The problem →
Determine the number of lines in the data below that contain the string "from", and respond with that number alone.

Data extract →
★ ★ ★

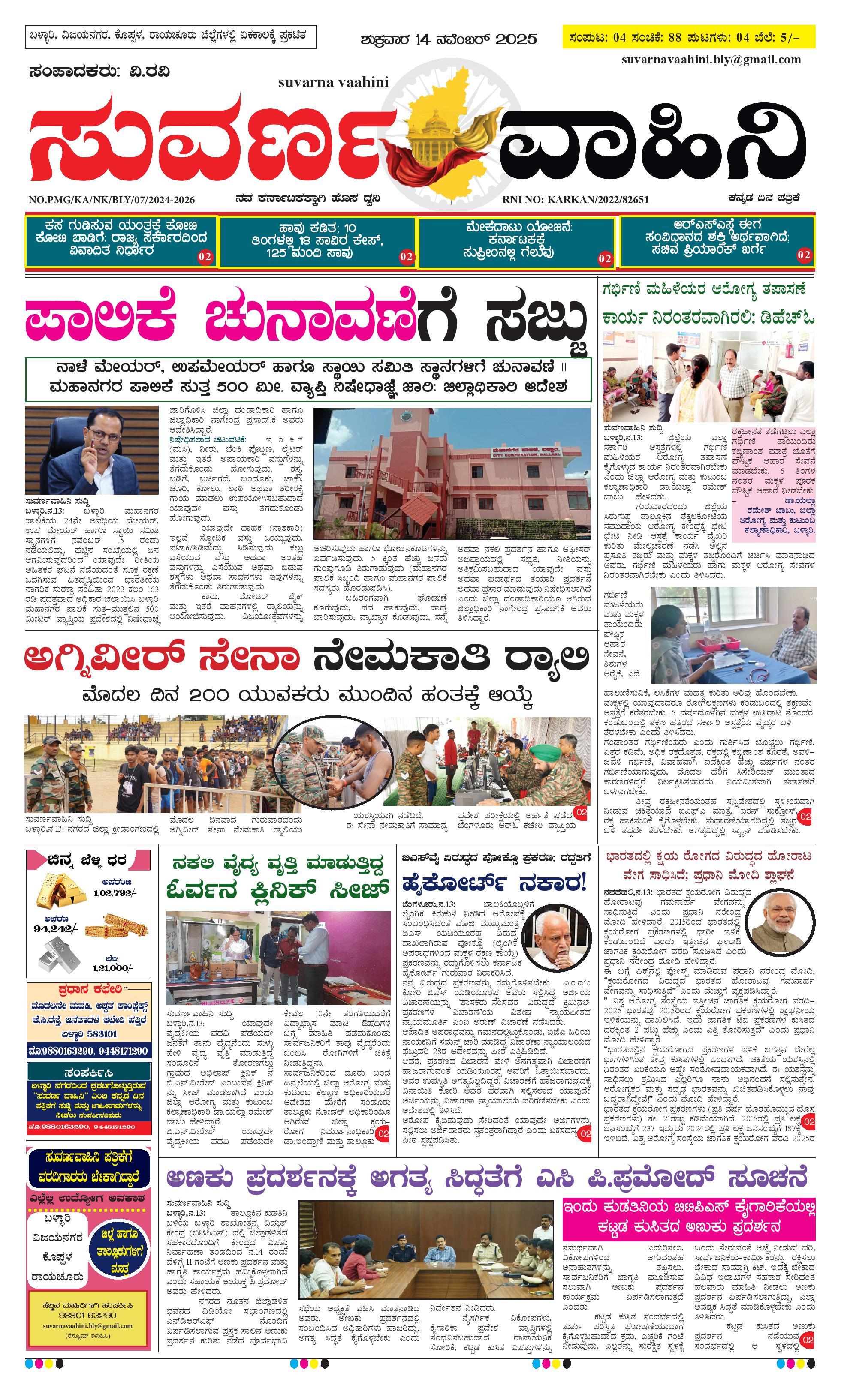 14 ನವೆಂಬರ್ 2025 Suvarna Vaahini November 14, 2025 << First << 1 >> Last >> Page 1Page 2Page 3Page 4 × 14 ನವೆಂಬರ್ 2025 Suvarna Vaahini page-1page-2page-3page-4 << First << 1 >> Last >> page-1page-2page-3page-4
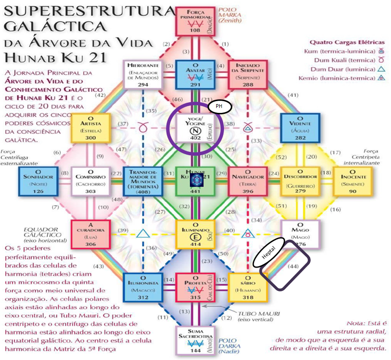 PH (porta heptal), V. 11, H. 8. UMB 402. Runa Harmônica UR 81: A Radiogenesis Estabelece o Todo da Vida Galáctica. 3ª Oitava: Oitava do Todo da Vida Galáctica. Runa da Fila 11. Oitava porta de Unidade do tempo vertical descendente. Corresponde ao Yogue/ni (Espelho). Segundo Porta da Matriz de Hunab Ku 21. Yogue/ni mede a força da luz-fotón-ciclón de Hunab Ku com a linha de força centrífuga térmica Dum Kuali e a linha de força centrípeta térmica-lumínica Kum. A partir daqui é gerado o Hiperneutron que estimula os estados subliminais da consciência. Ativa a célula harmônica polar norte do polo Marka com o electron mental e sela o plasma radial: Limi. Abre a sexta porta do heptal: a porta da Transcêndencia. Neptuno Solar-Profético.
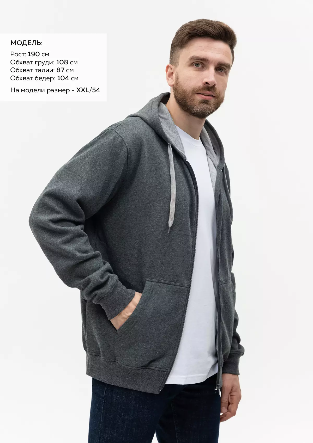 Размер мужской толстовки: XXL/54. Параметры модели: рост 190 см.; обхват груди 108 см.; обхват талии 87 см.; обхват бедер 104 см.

★ ★ ★

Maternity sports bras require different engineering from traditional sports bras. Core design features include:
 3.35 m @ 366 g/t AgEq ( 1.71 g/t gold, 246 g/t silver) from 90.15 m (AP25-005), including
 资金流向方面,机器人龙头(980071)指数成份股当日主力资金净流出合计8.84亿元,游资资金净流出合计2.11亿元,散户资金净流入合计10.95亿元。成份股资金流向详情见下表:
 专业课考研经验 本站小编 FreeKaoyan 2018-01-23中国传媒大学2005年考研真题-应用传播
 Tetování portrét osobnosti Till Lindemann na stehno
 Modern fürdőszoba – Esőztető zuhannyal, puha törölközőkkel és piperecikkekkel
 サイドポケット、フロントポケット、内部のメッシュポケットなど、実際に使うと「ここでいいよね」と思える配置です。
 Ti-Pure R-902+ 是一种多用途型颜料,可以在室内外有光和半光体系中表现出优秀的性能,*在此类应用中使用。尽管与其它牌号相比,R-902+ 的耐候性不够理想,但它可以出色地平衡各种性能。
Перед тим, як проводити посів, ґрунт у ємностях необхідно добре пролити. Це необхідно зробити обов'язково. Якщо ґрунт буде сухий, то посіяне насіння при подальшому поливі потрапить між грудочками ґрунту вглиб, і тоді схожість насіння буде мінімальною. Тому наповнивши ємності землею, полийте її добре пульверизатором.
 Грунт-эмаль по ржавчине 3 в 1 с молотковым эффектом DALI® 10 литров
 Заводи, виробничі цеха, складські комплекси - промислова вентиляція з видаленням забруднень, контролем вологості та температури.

★ ★ ★

Output for this exercise →
2